Garlic – The Ancient Wonder Drug
I raise a bed of garlic every year. I grow white hard-neck garlic, which cloves; and elephant garlic which is a single bulb. The elephant garlic grows like a weed. I have actually pulled elephant garlic while thinning the bed, and thrown it out in the woods. I now have patches of garlic growing in the woods where it has rooted, grown, and reproduced. The hard-neck garlic looks like what you buy at the store. For a new crop each year you just save three or four bulbs, separate them into cloves, and plant the cloves in the late fall. By the way, cultivated garlic is only vaguely like the wild garlic plants of the allium family. The original garlic plant has been selectively bred for about 5000 years until it now bares no resemblance to the original plant
Garlic is a great spice for cooking, but did you know that it is one of our most potent herbal medicines? Garlic is a natural antibiotic, and it has a very positive effect on the circulatory system. Garlic does its work best if it is consumed as part of the daily diet. It will help strengthen the immune system, lower blood pressure, and help keep the arteries free of plaque build up. One clove of garlic per day is the recommended dose, so plant a lot of garlic. If you can’t stand the taste of garlic you can buy garlic capsules or coated garlic pills, but these won’t be available if the economic and transportation structure falls apart.
Here is a partial list of the complaints for which garlic has been historically used to help prevent or cure:
Strengthen the immune system
Lower cholesterol and triglycerides
Fight infections
Reduce blood pressure
Prevent fungal skin infections
Help prevent intestinal parasites
Repel insects which may carry diseases like malaria, lyme disease, West Nile virus etc
Help prevent pneumonia
Help prevent strokes
During World War I (before the use of penicillin or sulfa) the British government bought tons of garlic for use in treating battle wounds.

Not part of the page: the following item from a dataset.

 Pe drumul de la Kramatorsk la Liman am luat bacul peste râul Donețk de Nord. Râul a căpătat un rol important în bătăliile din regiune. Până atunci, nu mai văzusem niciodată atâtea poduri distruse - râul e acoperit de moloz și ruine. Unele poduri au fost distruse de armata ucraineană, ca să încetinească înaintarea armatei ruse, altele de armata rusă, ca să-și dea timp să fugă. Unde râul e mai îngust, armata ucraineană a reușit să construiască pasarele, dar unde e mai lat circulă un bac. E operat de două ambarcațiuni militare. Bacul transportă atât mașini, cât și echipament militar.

Garlic juice was squeezed directly into wounds to help prevent infection. If the skin became irritated from direct contact with the garlic, the cloves were mashed, placed in gauze, and used as a poultice.

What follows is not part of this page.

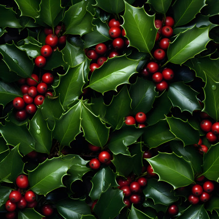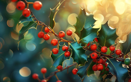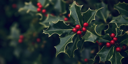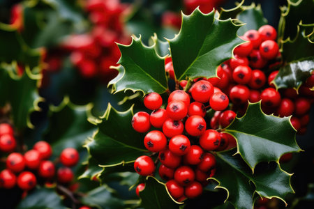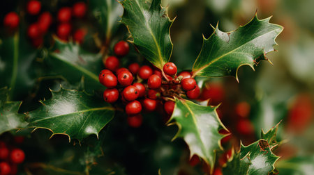 Vibrant green holly leaves with clusters of red berries, symbolizing festive christmas decor
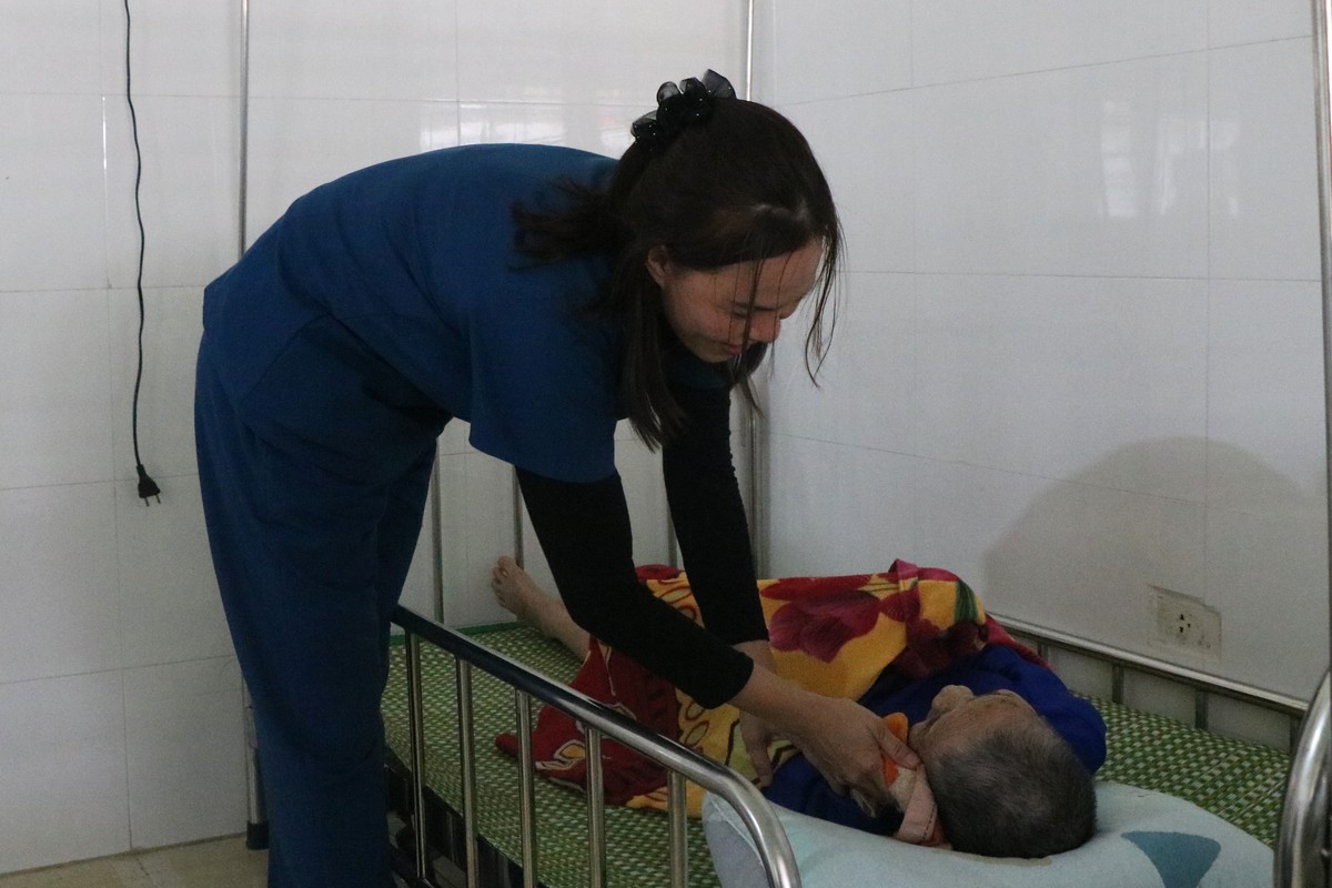 Dù không phải ca trực, nữ điều dưỡng của Làng Hòa Bình vẫn vào bệnh viện túc trực, chăm sóc đối tượng nhập viện giữa những ngày Tết

Of course there is no replacement for professional medical care; but if you are in a survival situation, and medical help is not available, you might want to consider garlic as an alternative treatment. In modern, everyday life, garlic will certainly do you no harm; and it could help prevent many medical complaints.
i don’t mean to contradict you but ive been told that putting raw garlic on a wound actually stopped it from healing. I was wondering exactly how you came about this I was told my little piece of information by a guy in a retirement home now I don’t usually put absolutely full stock in what just one person says and id really like to find out if what say about this is true otherwise I know the rest of that to be true the cholesterol and such.
Bryan,
I have read a lot of different stuff about using garlic on wounds. Historically it appears to have been done. There are varying opinions on if this is a good practice. Most seem to agree that placing straight raw garlic on a wound can burn the skin and cause blistering. Some suggested ways to use garlic were mixing a little garlic juice with honey and applying, making a not too strong garlic tea and applying to a bandage, wiping a clove across the wound but not leaving the clove on the skin, and wiping a clove on a bandage before applying. Haven’t tried ant of these things personally, so I really can’t say for sure what the results might be. My. go to treatment for wounds is washing with soap and water and application of antibiotic ointment. If a wound becomes infected and professional care is available, I would seek medical help and use modern antibiotics for treatment.